Sunday, March 29, 2009

NETFLIX QUICK PIX!!!


In keeping with my need to escape from reality, I've taken the weekend to view a few flix, some good, some not so good, some featuring hunky men with older women, some featuring signature songs, some love stories, some not. Here's the lowdown:

PARRISH stars an above the title TROY DONOHUE and above Claudette Colbert in a 1961 mish-mash of a soaper. Troy is Parrish, the handsome, popped-collared son of Colbert (who looks amazingly the same as she did 30 years before) both of whom move off to some tobacco plantations north of the Mason Dixon Line. Parrish, being the honest, yet wooden fellow he is, is SWOONED over by not one, not two, but THREE lovely gals from three different backgrounds. Connie Stevens is the good girl in trouble, Diane McBain is the rich tippling trollop with a penchant for cash and Sharon Hugueny is the swarthy daughter of evil-nasty, Karl Malden. When Malden falls for Colbert and becomes Donohue's step-pappy, Troy is drawn into the venal machinations of the RAIKE family, even though his loyalty to widower Dean Jagger is strong. Clocking in at 2hr 18mins, you have no idea what the hell is going on or who's prettier? The fetching girls, or the fetching leading man. Ironically, Parrish does his toiling in the fields in nifty high-water khakis. The Technicolor glorious, the costumes swell, the script incoherent.

Rock Hudson, Gina Lollobrigida, Sandra Dee and Bobby Darrin star in COME SEPTEMBER, a rolicking sophistacted sex-ties romp set in Italy. Hudson (who only visits his Italian Villa once a year....in September) shows up early, only to find that his Major Domo turns the manse into a hotel during summer's high season! And the hijinx are on! Lollobrigida looks ravishing, Hudson is as Hudson does (read: lots of partially clad scenes), but the real thrill is seeing a Hollywood film actually filmed in Italy. For the most part. The guys are nifty in their Gucci Loafers and the gals sport the sweetest knee-hovering bouffant skirts. Cute, sweet and about as satisfying as eating cotton candy.
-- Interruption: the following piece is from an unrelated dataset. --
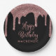 Black and Rose Gold Sparkle Glitter Drips Birthday Paper Plate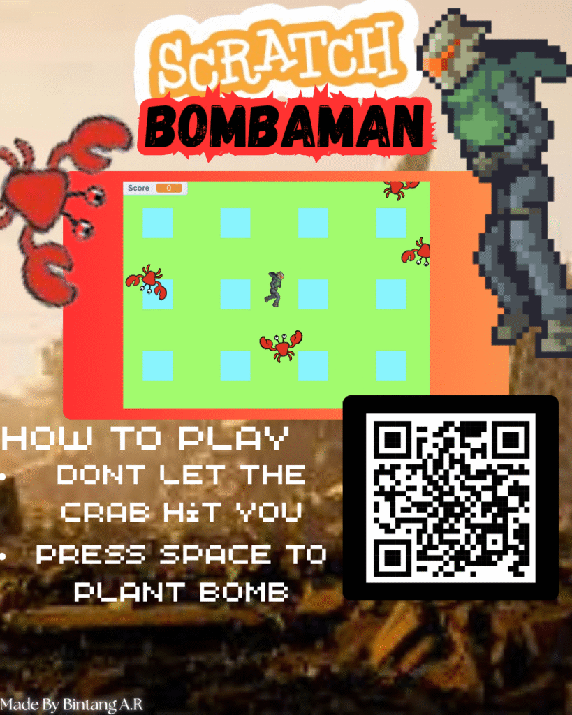 So,I made this game in scratch and i made Bombaman poster too.As you can see here i have made the game and the poster,In the poster there is Scratch logo,Bombaman title,How to play Bombaman,Qr Scan code And some decoration.

MAGNIFICENT OBSESSION. Rock Hudson pairs with doddering old hag Jane Wyman in this ridiculous tear jerker that has no basis in reality. Hudson is a careless playboy who accidentally kills Wyman's short-term hubby, then turns around a blinds her in a car accident!!! But Hudson turns his life around after he meets up with some artist who fills his head with some new-agey gobbledy-gook, Hudson befriends Wyman under an assumed name, and after all the specialist Europe can provide cannot cure the occlusion that mars Wyman's sight, Hudson becomes a surgeon and cures her. Usually meant to be a Douglas Sirk directed tear-jerker, the Valium and Du bonnet only made me giggle the evening away.

Dustin Hoffman is JOHN, and Mia Farrow is MARY in JOHN AND MARY, a surprisingly cerebral flick about a one night stand gone awry. Taking place in late 60s NYC, the look is great, the script, phenomenal. I was utterly shocked by this touching love story.
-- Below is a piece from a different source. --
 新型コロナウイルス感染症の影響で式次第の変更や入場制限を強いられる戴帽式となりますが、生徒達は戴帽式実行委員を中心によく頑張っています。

SHAMPOO: Warren Beatty stars as the womanizing hairdresser who does more than great hair. He wears it as well. Gosh, if I had a Flo-bee, I'd have a shag like his, too! Julie Christie, Goldie Hawn and Lee (where are her lips in relation to the lipstick) Grant costar as the long suffering gals Beatty boinks while yearning for his own salon. Again, Beatty flashes a lot of flesh, but that's OK, because nobody does THAT better. Pretty as a picture, he is. Looks just as great in a velvet tux as he does in low slung jeans and a tank top. Strangely, I'd never seen this flick.

But gosh.

It's the LA I love.

Friday, March 20, 2009

NETFLIX QUICK PIX!!!


REVISITING STUFF YOU ALREADY KNEW WAS GOOD!!!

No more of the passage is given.